В это время, как отмечает П. Валье, Тареев отнюдь не был изолированным мыслителем, каковым его пытались представить многочисленные критики, но являлся подлинным лидером «либерального крыла» академической профессуры, которая и доверила ему редактирование последних номеров «Богословского вестника» (май 1917 – декабрь 1918). После закрытия МДА Тареев некоторое время работал в Военном электротехническом институте, располагавшемся в ее помещениях. «Жизнь, – рассказывает мемуарист С. А. Волков, – научила его ценить и понимать значение Церкви для христианства и для каждого человека в частности.

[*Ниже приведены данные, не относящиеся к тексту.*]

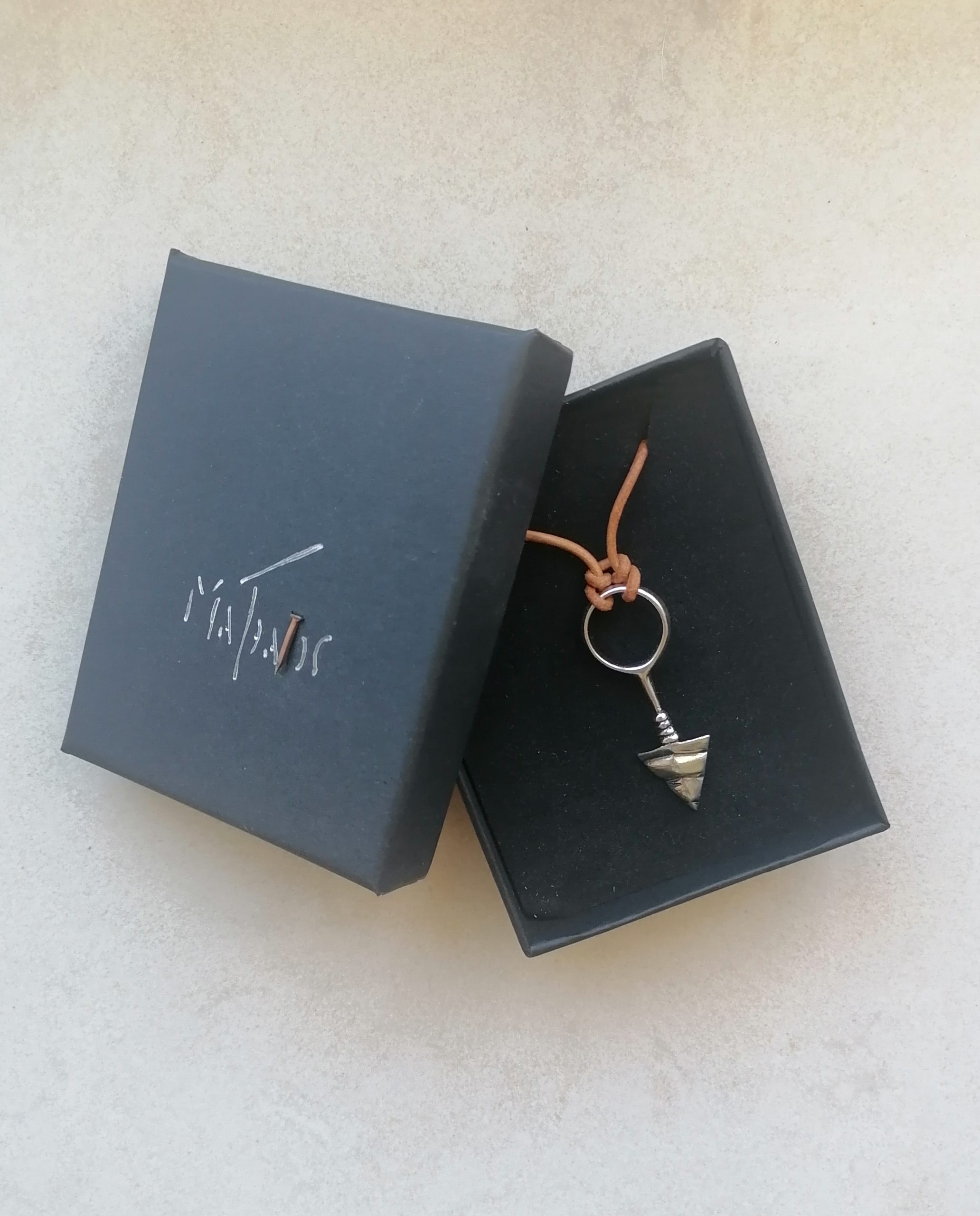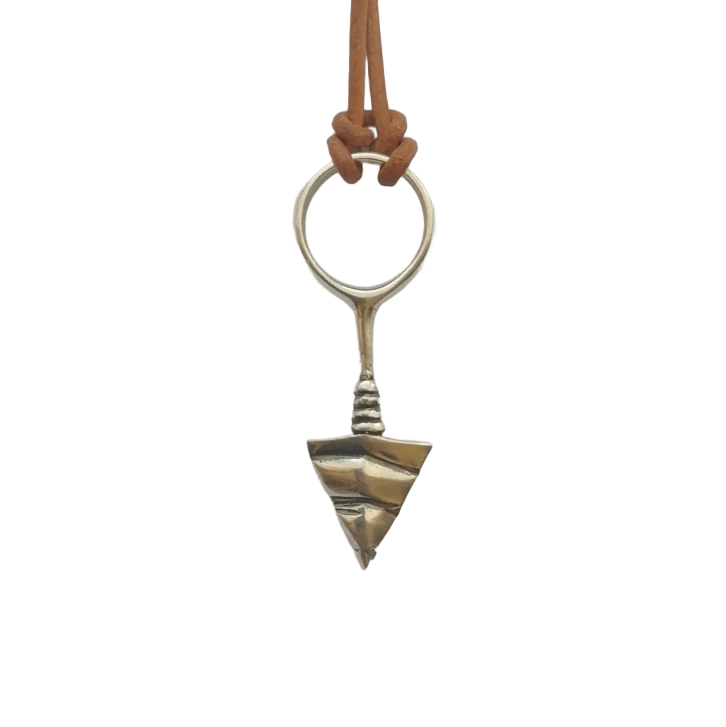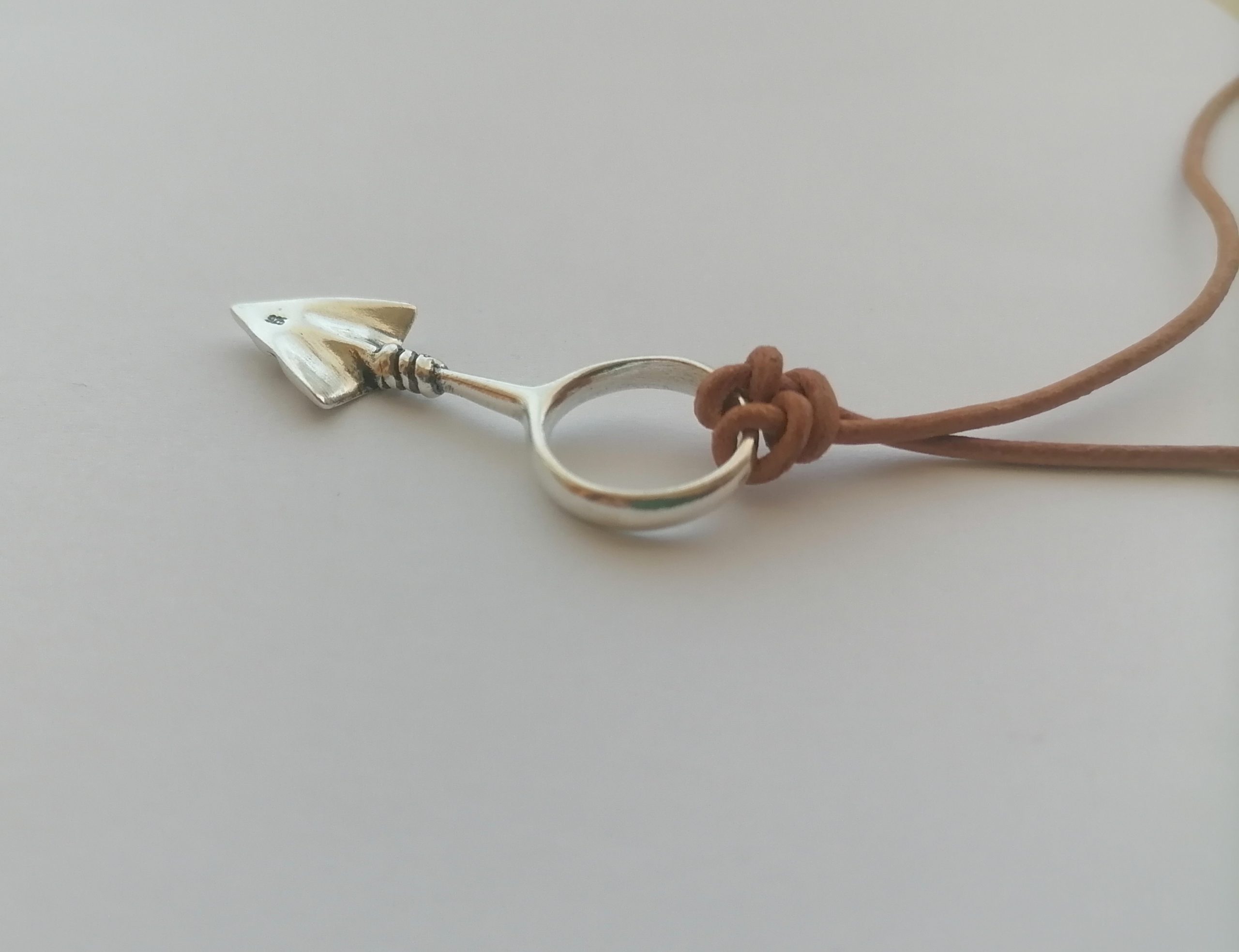 Βέλος από ασήμι 925, διαστάσεων περίπου: 4,3cm x 1,5cm x 3,2mm, με ρυθμιζόμενου μήκους δερμάτινο κορδόνι, σε χρώμα ανοικτό καφέ ή μαύρο, διατομής 1,5 mm.

Как мне довелось слышать от близких ему людей, после закрытия Академии он продолжал свою научную работу дома и состоял в „Церковной группе Иоакимова подворья“, то есть не порвал с Церковью и не примкнул ни к каким „обновленцам“». <…>
В значительной мере Тареев делает акцент на внутреннем делании – так сказать, на «внутренней Церкви», подобно И. В. Лопухину, которого, возможно, и не читал, или Канту – и противопоставляет ее «внешней», культовому, «символическому богослужению». Впрочем, не так уж сложно найти у него преемственность даже с московским святителем Филаретом (Дроздовым), особенно если вспомнить символическое толкование последним ветхозаветной скинии, согласно которому «престолом Божиим» мыслится душа человека… Критика «культового богослужения» ветхозаветными пророками излагается Тареевым с особой симпатией…<…>
Ссылаясь на суждение А. В. Горского («смешивает богодухновенные писания с произведениями собственно церковными»), Тареев утверждает, что этот приговор в отношении А. С. Хомякова «столь же справедливый, сколь и бесповоротный». Ему как раз и важно подчеркнуть различие в достоинстве Священного Писания и текстов святоотеческих, написанных по разным поводам и для церковного сознания значимых далеко не в одинаковой мере. <…>
Вопрос о соотношении богословия и метафизики является одним из самых запутанных. Прежде всего потому, что в качестве актуального он чаще всего даже не осознавался. Начиная с Оригена, «учителя александрийского», христианская метафизика, любомудрие и богословие, скорее, отождествлялись, создавая подлинно Гордиев узел… Справедливо как-то заметил митр. Антоний (Храповицкий), что «логика и метафизика суть весьма второстепенные способы познания Христа, что познается он по преимуществу деятельною любовью». <…>
Тареев ясно дает понять, что в старинном разделении богословия на «умозрительное» и «деятельное», docrina de credendi и docrina de agendi, собственно богословием является именно второе, то есть «нравственное», тогда как первое удовлетворяет гностическим интересам и фактически тождественно христианской метафизике, подвергнутой беспощадной критике Кантом. Вместе с кенигсбергским мыслителем он готов искать «царство» и «свободу» только в сфере «практического разума». <…>
Выход из «византийского тупика» Тареев видел в возрождении исконной русской философии сердца, провозвестником которой был опальный архимандрит Феодор (Бухарев)… ».